• _Goal of the exercise_:
Once the pictures are set aside, transcribe the remaining data exactly.

• _Information shown_:
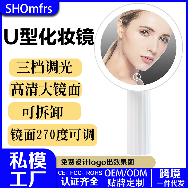 クロスボーダー知能美化粧鏡ベース付き縦型補光取り外し可能日光鏡充電手持ちled化粧鏡
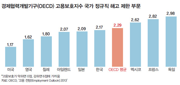 OECD는 1980년대 이후 회원국들의 고실업이 지속되자 그 원인이 고용보호법제와 관련이 클 것이라는 가정하에 관련 연구를 했다. 고용보호법제를 지수화해 각국의 고용보호 경직성을 평가했는데 고용보호가 약하면 0점, 강하면 6점에 가깝다. 2013년 OECD 고용보호지수 자료를 보면, 한국의 정규직 해고 제한 점수는 2.17점으로 OECD 평균(2.29점)에 미치지 못한다. 노동시장 현실이 법에서 보장된 수준보다 떨어지는 것을 감안하면, “정규직이 과보호돼 있다”는 최경환 부총리의 말은 어리둥절하다. 독일은 2.98점으로 1위를 기록했다.
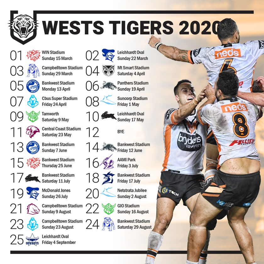 Here is all you need to know about the Wests Tigers' 2020 Telstra Premiership draw.
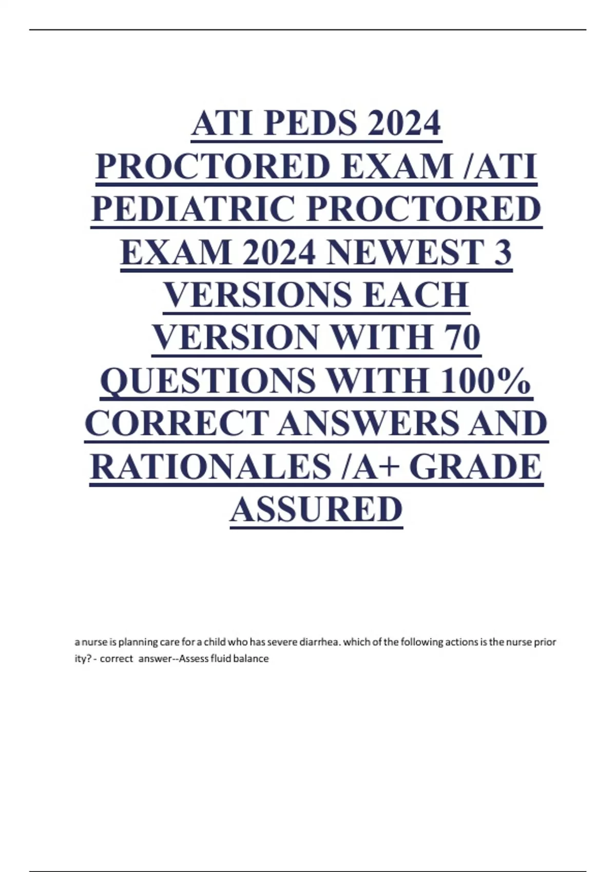 ATI PEDS 2024 PROCTORED EXAM /ATI PEDIATRIC PROCTORED EXAM 2024 NEWEST 3 VERSIONS EACH VERSION WITH 70 QUESTIONS WITH 100% CORRECT ANSWERS AND RATIONALES /A+ GRADE ASSURED

• _Result for this exercise_:
 クロスボーダー知能美化粧鏡ベース付き縦型補光取り外し可能日光鏡充電手持ちled化粧鏡
 OECD는 1980년대 이후 회원국들의 고실업이 지속되자 그 원인이 고용보호법제와 관련이 클 것이라는 가정하에 관련 연구를 했다. 고용보호법제를 지수화해 각국의 고용보호 경직성을 평가했는데 고용보호가 약하면 0점, 강하면 6점에 가깝다. 2013년 OECD 고용보호지수 자료를 보면, 한국의 정규직 해고 제한 점수는 2.17점으로 OECD 평균(2.29점)에 미치지 못한다. 노동시장 현실이 법에서 보장된 수준보다 떨어지는 것을 감안하면, “정규직이 과보호돼 있다”는 최경환 부총리의 말은 어리둥절하다. 독일은 2.98점으로 1위를 기록했다.
 Here is all you need to know about the Wests Tigers' 2020 Telstra Premiership draw.
 ATI PEDS 2024 PROCTORED EXAM /ATI PEDIATRIC PROCTORED EXAM 2024 NEWEST 3 VERSIONS EACH VERSION WITH 70 QUESTIONS WITH 100% CORRECT ANSWERS AND RATIONALES /A+ GRADE ASSURED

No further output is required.